La production un peu cotonneuse confère aux titres une aura un peu distante, et se trouve parfaitement illustrée par le morceau « The Light Has A Voice », avec ce chant vraiment sous mixé, cette basse énorme qui fait trembler le feedback mesuré de la guitare, un peu comme si les MELVINS et UNSANE se trouvaient dans un état apathique dont ils ne parviennent pas à s’extraire.

 

Pas d’énormes différences entre Kind Words et les travaux antérieurs du quatuor, juste un perfectionnisme dans l’approximation, et des plans qui s’enchaînent de manière très fluide. Bien évidemment, parfois la machine s’emballe un peu, mais toujours en restant sous contrôle, et « Helena Markos » (la Mère des soupirs dans la trilogie des Trois Mères d’Argento) de propulser une rythmique tribale striée de riffs lacérés et de cris désespérés, qui vont à l’encontre des murmures qui s’échappaient de la bouche ridée du personnage évoqué. Mais là est la dualité de ce groupe qui joue avec les frontières de style. Crier pour mieux susurrer, bousculer pour passer sans se faire remarquer, violenter sans toucher…. 

Alors, que vous parliez de Post Hardcore, de Noise, de Post Noise ou de Metal Alternatif abrasif, peu importe. La musique s’exprime par elle-même au-delà des mots, et c’est comme ça que les CORBEAUX entendent leur cri. Il est complexe, évite les poncifs de la brutalité trop ouverte, mais dérange. Sur ces sept nouveaux morceaux, trois jouent la montre et écrasent les six minutes, sans jamais se répéter ou être trop complaisants.

Ils en posent d’ailleurs deux en ouverture de l’album, dont le bondissant « Corpse Pose », qui démarre sur les chapeaux de toms, et qui oppose la furie rythmique des UNSANE et la nonchalance des LIZARD. Duo basse/batterie en prédominance, guitare qui tisse des motifs harmoniques instables et presque maladifs, et chant qui recule d’un ton pour être à peine perçu et laisser respirer l’instrumental. 

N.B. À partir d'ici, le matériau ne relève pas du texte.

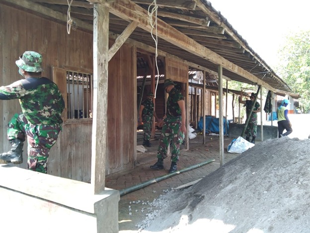 PATI – Bedah Rumah Tidak Layak Huni (RTLH) milik ibu Sarbini (57), Ini dikerjakan oleh anggota Satgas TNI Manunggal Membangun Desa(TMMD) Ke -111 Kodim 0718/Pati bersama warga dalam kebersamaan dan gotong royong.

« Old Tired Horse » au contraire laisse la gravité se présenter, avant de l’accompagner de quelques réminiscences Jazzy. Quelques arpèges sobres, un contretemps discret, et un crescendo qui trouve soudain son apogée dans une rupture provoquée, qui termine dans un chaos de bruit blanc assourdissant, comme si les MILK et les COILGUNS fonçaient droit dans le mur sans chercher à éviter leur trajectoire fatale. A contrario, le final « Twig » avoue sa franchise dès ses premières secondes, et rappelle la scène Noisy New-yorkaise, en fracassant sa rythmique sur un bloc de guitares pourtant fissuré. On alterne poussées suffocantes et libérations oxygénées, et on laisse quelques notes ramener un peu d’air dans cette ambiance moite et concentrée. Fin du quatrième épisode, qu’on trouvera sans doute un peu court, mais…fidèle. 

Fidèle à une démarche, à une envie, celle de ne rien faire comme les autres. Alors oui, les corbeaux sont des oiseaux très intelligents, et fidèles. Et pas du tout des symboles de mort ou de mauvais sort comme la culture anglo-saxonne aime encore à le faire croire.

Du côté de Quimper, on aime les voir s’envoler régulièrement. Ils sont annonciateurs d’une musique fertile, et d’une inspiration riche.

Et surtout, d’un peu de bonheur bruitiste certes, mais cathartique d’une certaine manière. D’une tristesse assumée. Mais qui paradoxalement, rend heureux.